| DATA UNDER STUDY |
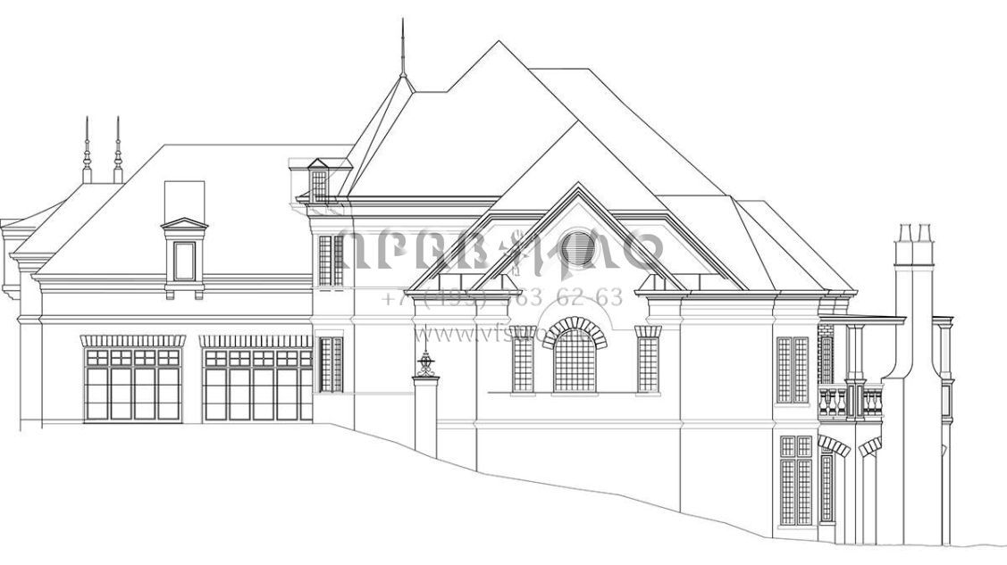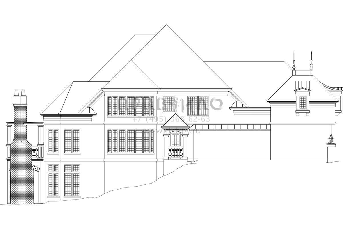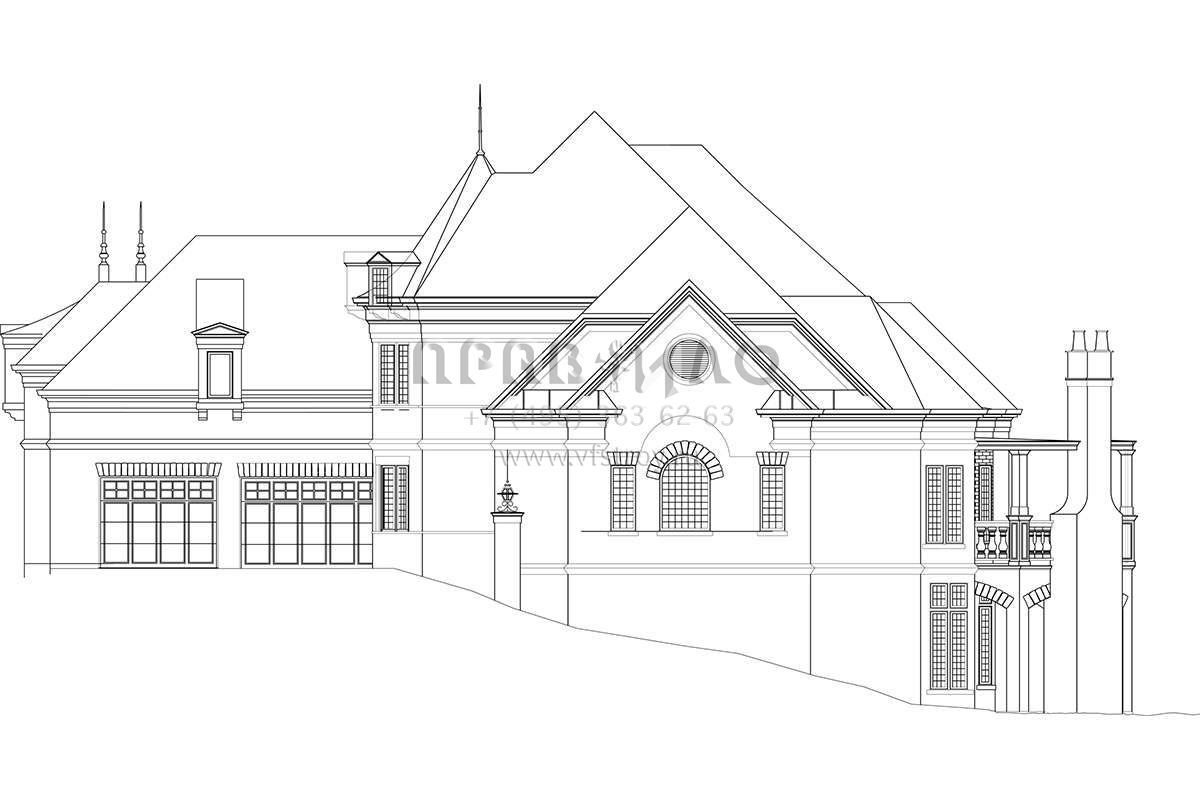 Это проект двухэтажного дома с гаражом на три и более машин жилой площадью 314 кв.м. Длина дома 28 м, ширина 21 м, высота 10.7 м. В доме четыре спальни и четыре санузла.
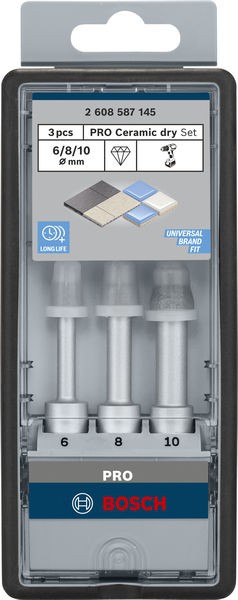 Опис Набір з 3 алмазних свердел Robust Line Easy Dry Best for Ceramic для сухого свердління 6,0; 8,0; 10,0 мм BOSCH код товару 2608587145
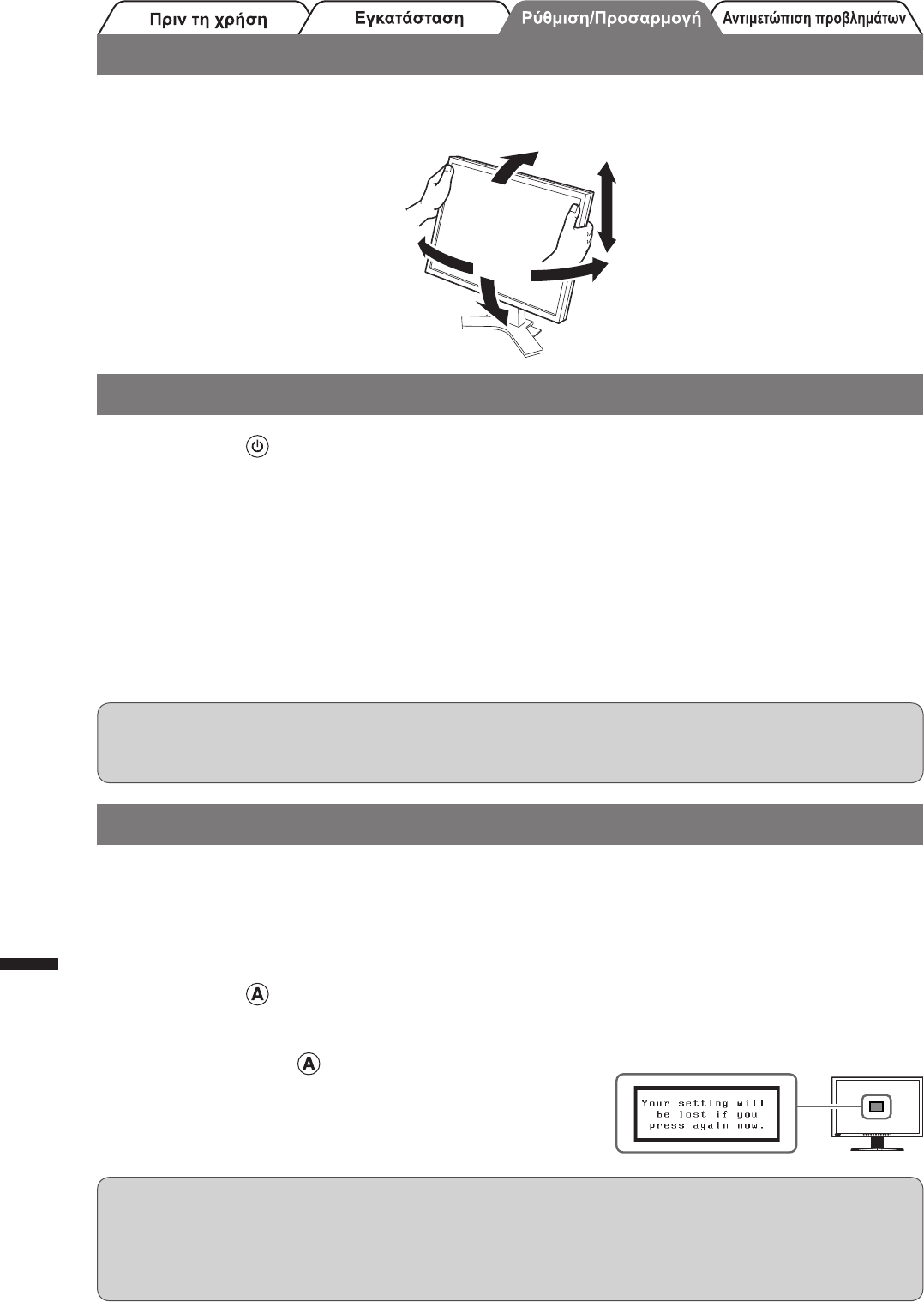 Κρατήστε την αριστερή και τη δεξιά πλευρά της οθόνης και με τα δύο χέρια σας και ρυθμίστε το ύψος, την κλίση και
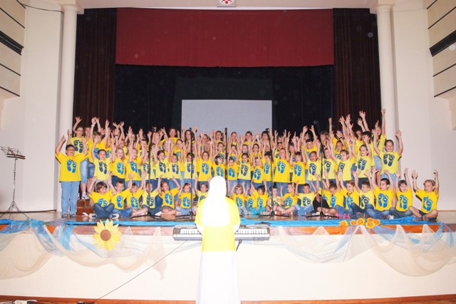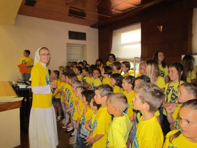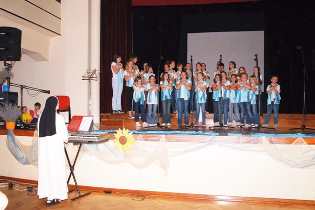 * Dječji župni zbor Lanterna iz župe Sv. Marka iz Korčule i njihova voditeljica s. Blaženka Rudić.
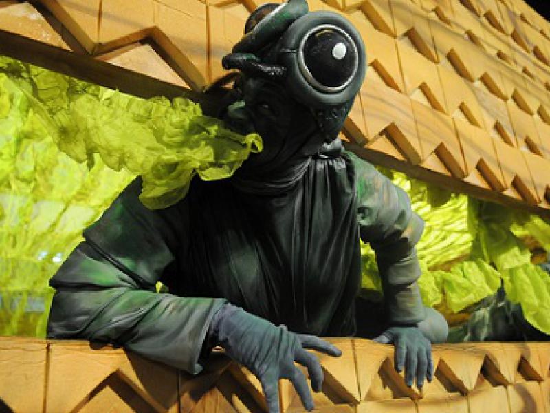 Alas emulando galos, gafanhotos, formigas, verduras, legumes e flores também ajudaram a caracterizar um cenário rural.

| ASSIGNMENT |
Write out the material above without changing a word, and skip any picture.

| ANSWER FOR THE TASK |
 Это проект двухэтажного дома с гаражом на три и более машин жилой площадью 314 кв.м. Длина дома 28 м, ширина 21 м, высота 10.7 м. В доме четыре спальни и четыре санузла.
 Опис Набір з 3 алмазних свердел Robust Line Easy Dry Best for Ceramic для сухого свердління 6,0; 8,0; 10,0 мм BOSCH код товару 2608587145
 Κρατήστε την αριστερή και τη δεξιά πλευρά της οθόνης και με τα δύο χέρια σας και ρυθμίστε το ύψος, την κλίση και
 * Dječji župni zbor Lanterna iz župe Sv. Marka iz Korčule i njihova voditeljica s. Blaženka Rudić.
 Alas emulando galos, gafanhotos, formigas, verduras, legumes e flores também ajudaram a caracterizar um cenário rural.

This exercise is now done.